Problem to work on:
Everything from the line with "Budynek gospodarczy, wolnostojący." down to the line with "Worek ze sznurkiem" below must be printed exactly, those two lines included. Exclude pictures.

───── Supplied material

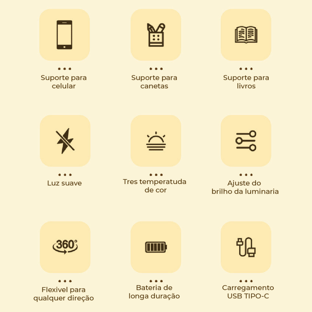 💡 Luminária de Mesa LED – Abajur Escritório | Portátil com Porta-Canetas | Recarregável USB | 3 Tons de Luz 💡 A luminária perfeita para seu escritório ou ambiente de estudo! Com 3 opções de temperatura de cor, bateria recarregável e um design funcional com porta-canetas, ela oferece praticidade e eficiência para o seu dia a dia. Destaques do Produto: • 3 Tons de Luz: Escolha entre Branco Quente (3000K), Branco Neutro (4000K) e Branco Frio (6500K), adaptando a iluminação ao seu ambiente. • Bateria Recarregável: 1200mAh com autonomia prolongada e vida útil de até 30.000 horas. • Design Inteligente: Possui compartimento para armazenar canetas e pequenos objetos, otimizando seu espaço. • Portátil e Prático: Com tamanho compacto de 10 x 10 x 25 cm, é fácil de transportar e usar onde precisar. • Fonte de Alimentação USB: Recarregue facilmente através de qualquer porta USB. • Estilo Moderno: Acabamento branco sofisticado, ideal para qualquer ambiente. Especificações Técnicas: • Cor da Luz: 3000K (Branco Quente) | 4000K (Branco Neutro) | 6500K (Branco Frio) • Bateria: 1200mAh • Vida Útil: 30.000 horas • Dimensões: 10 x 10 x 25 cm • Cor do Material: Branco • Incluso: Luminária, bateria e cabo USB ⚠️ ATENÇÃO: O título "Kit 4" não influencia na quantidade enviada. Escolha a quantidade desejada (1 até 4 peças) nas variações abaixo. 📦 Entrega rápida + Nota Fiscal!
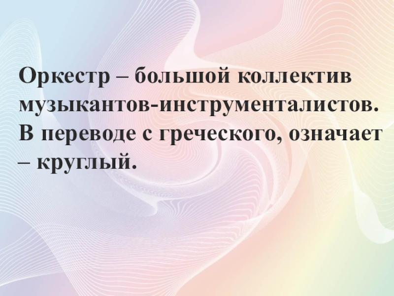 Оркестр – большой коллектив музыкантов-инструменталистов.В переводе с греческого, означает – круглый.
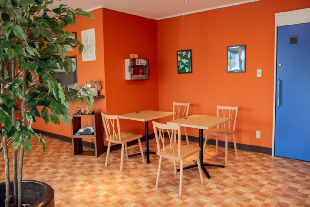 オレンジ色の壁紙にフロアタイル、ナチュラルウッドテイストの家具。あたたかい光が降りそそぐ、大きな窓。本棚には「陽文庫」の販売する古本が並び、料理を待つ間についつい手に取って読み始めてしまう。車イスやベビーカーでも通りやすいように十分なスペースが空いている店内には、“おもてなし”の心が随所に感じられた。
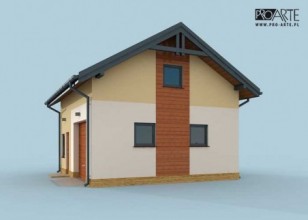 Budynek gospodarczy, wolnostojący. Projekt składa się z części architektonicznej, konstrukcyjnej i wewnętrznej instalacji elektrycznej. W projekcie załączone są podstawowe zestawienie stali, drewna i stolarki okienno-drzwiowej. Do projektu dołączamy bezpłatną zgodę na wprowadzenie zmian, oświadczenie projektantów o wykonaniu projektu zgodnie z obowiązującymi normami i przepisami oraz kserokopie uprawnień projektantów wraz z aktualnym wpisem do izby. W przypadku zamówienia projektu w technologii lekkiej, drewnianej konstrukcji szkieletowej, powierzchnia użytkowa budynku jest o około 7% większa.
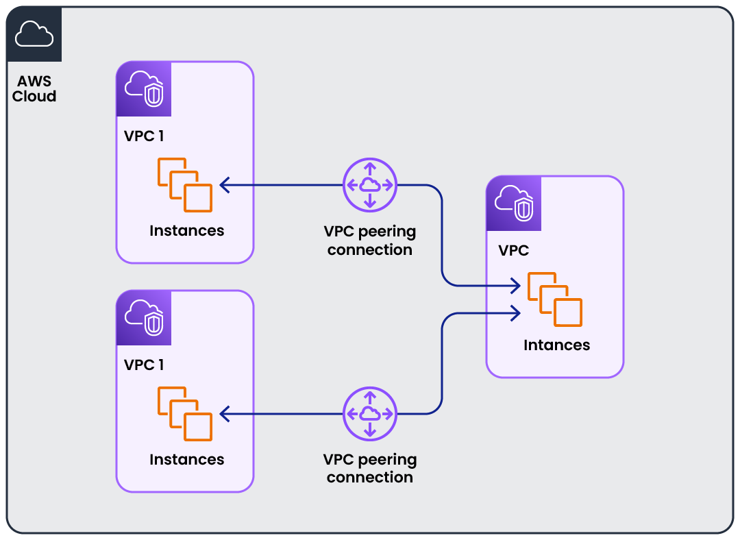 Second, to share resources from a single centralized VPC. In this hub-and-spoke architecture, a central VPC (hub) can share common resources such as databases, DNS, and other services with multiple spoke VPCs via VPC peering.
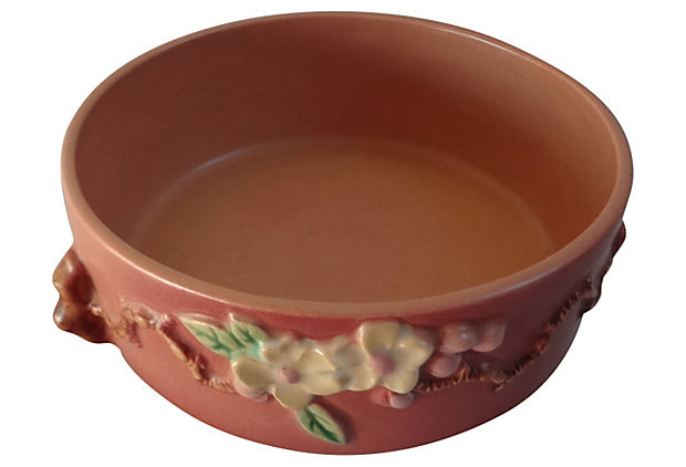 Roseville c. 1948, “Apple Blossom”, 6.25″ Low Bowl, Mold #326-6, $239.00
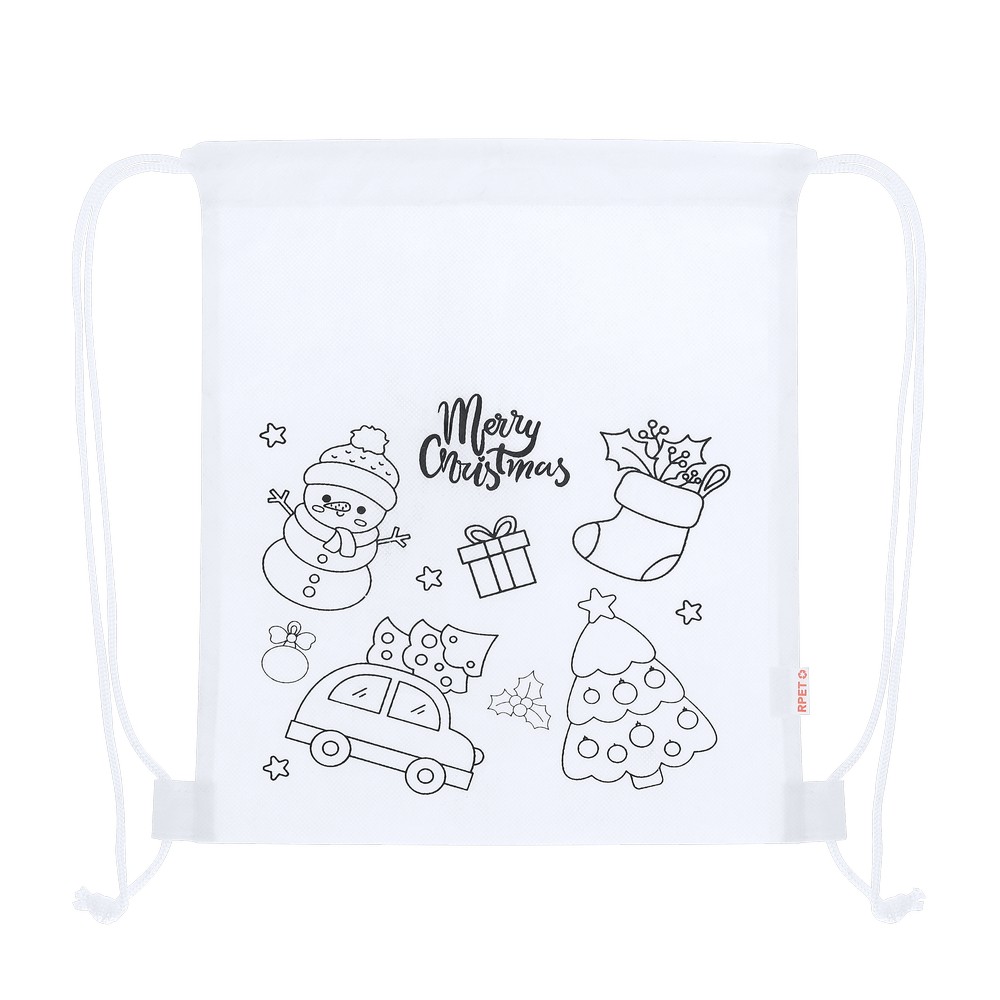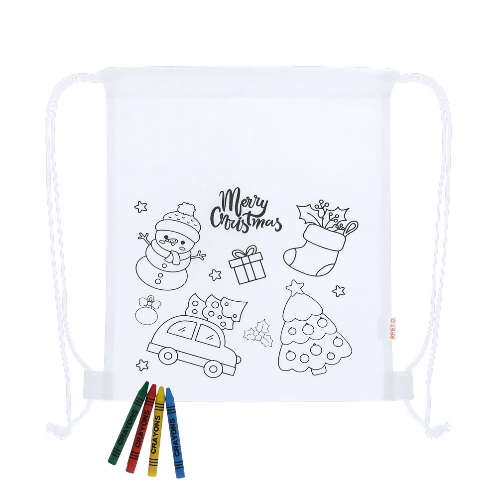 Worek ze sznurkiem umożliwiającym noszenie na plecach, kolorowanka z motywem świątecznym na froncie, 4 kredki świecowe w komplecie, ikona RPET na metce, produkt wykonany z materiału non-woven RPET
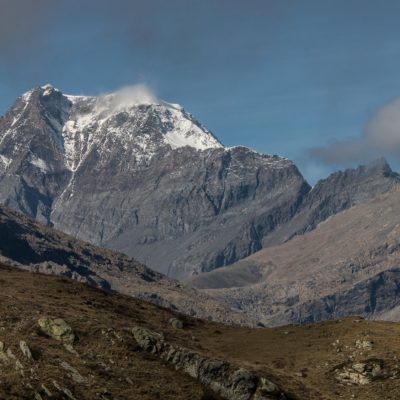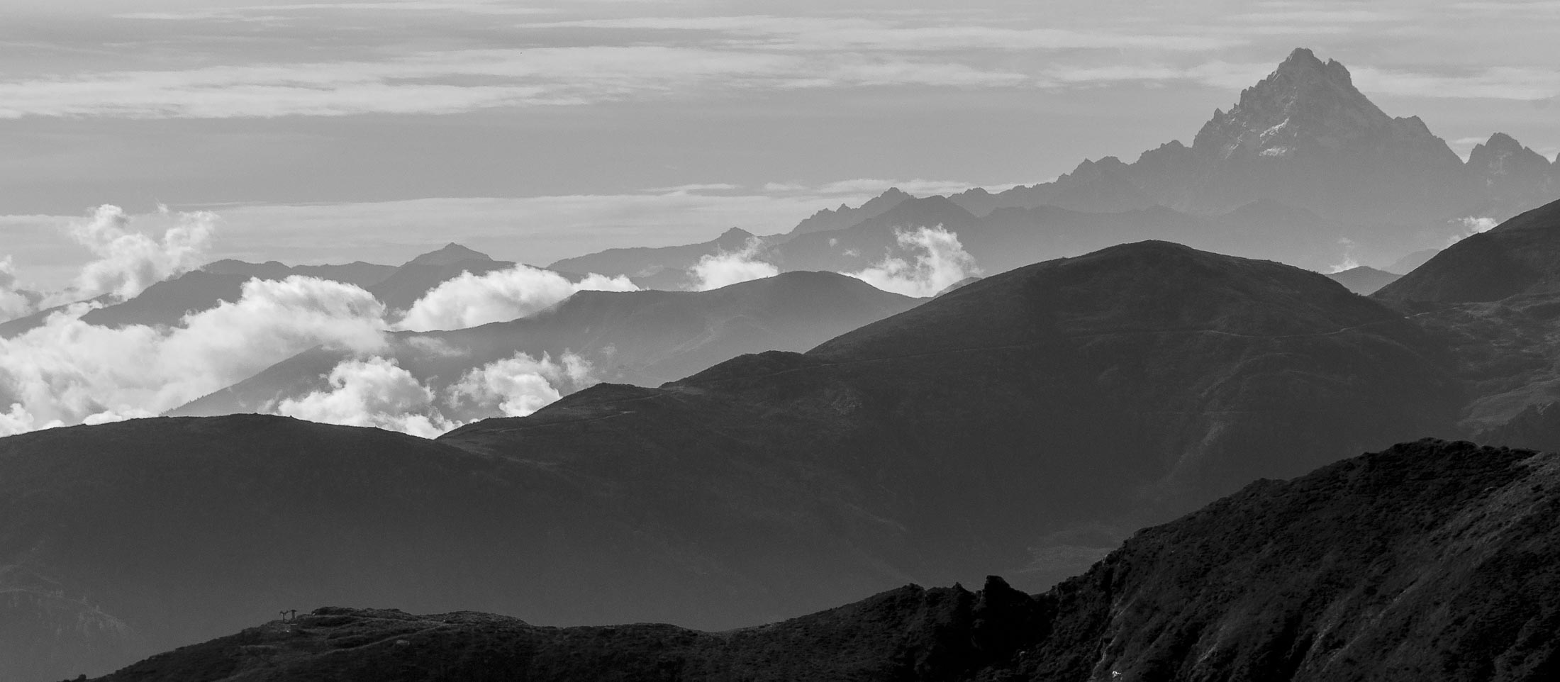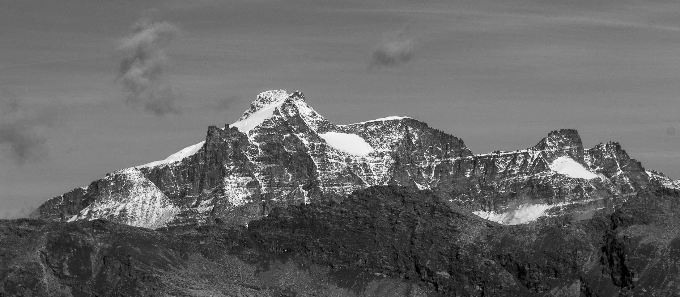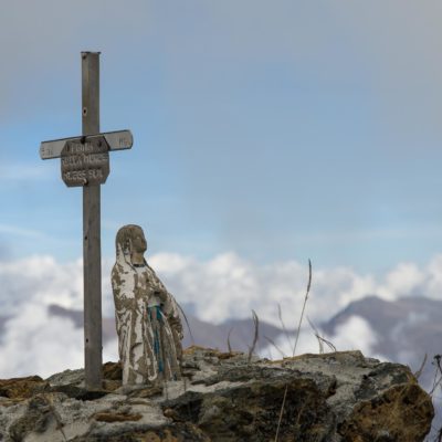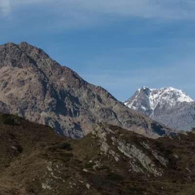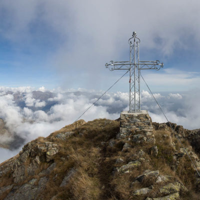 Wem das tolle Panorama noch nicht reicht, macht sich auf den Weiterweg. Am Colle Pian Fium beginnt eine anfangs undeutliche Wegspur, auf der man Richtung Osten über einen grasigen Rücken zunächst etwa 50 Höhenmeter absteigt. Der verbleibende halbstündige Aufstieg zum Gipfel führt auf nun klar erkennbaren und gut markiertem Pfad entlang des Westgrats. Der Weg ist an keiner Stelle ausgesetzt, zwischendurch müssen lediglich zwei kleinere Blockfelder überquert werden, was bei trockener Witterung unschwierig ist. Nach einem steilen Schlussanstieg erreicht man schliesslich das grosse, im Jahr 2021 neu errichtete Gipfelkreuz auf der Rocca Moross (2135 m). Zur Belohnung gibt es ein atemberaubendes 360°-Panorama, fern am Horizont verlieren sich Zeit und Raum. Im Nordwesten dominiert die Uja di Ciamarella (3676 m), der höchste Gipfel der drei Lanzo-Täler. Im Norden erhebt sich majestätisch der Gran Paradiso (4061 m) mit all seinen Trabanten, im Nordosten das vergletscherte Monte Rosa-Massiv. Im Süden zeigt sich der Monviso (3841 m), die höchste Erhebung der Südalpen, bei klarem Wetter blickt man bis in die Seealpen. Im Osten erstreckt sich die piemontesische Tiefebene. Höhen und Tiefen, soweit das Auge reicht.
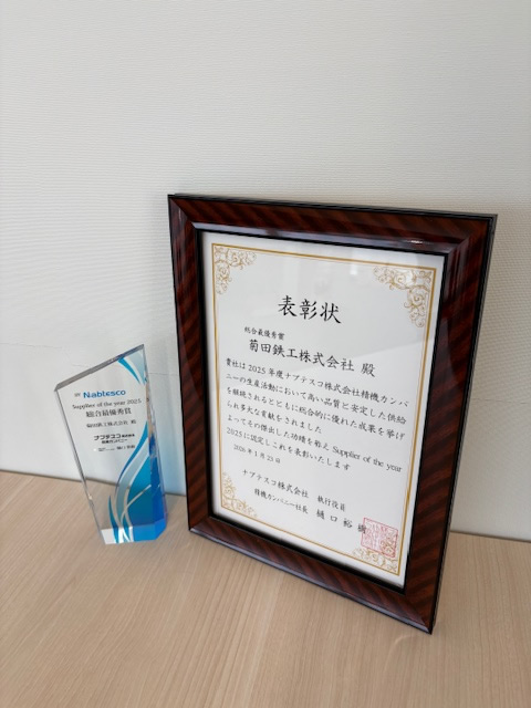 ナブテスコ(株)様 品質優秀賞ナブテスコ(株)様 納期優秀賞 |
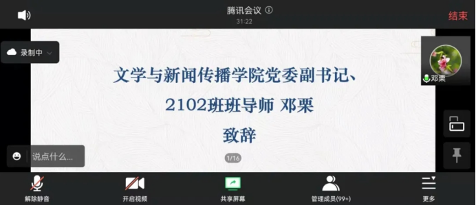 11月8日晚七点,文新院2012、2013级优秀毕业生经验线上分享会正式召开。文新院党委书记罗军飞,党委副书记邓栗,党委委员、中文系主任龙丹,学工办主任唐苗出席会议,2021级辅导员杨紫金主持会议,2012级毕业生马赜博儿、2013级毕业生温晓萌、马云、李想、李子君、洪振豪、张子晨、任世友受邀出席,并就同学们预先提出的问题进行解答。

──────────

Result:
 Budynek gospodarczy, wolnostojący. Projekt składa się z części architektonicznej, konstrukcyjnej i wewnętrznej instalacji elektrycznej. W projekcie załączone są podstawowe zestawienie stali, drewna i stolarki okienno-drzwiowej. Do projektu dołączamy bezpłatną zgodę na wprowadzenie zmian, oświadczenie projektantów o wykonaniu projektu zgodnie z obowiązującymi normami i przepisami oraz kserokopie uprawnień projektantów wraz z aktualnym wpisem do izby. W przypadku zamówienia projektu w technologii lekkiej, drewnianej konstrukcji szkieletowej, powierzchnia użytkowa budynku jest o około 7% większa.
 Second, to share resources from a single centralized VPC. In this hub-and-spoke architecture, a central VPC (hub) can share common resources such as databases, DNS, and other services with multiple spoke VPCs via VPC peering.
 Roseville c. 1948, “Apple Blossom”, 6.25″ Low Bowl, Mold #326-6, $239.00
 Worek ze sznurkiem umożliwiającym noszenie na plecach, kolorowanka z motywem świątecznym na froncie, 4 kredki świecowe w komplecie, ikona RPET na metce, produkt wykonany z materiału non-woven RPET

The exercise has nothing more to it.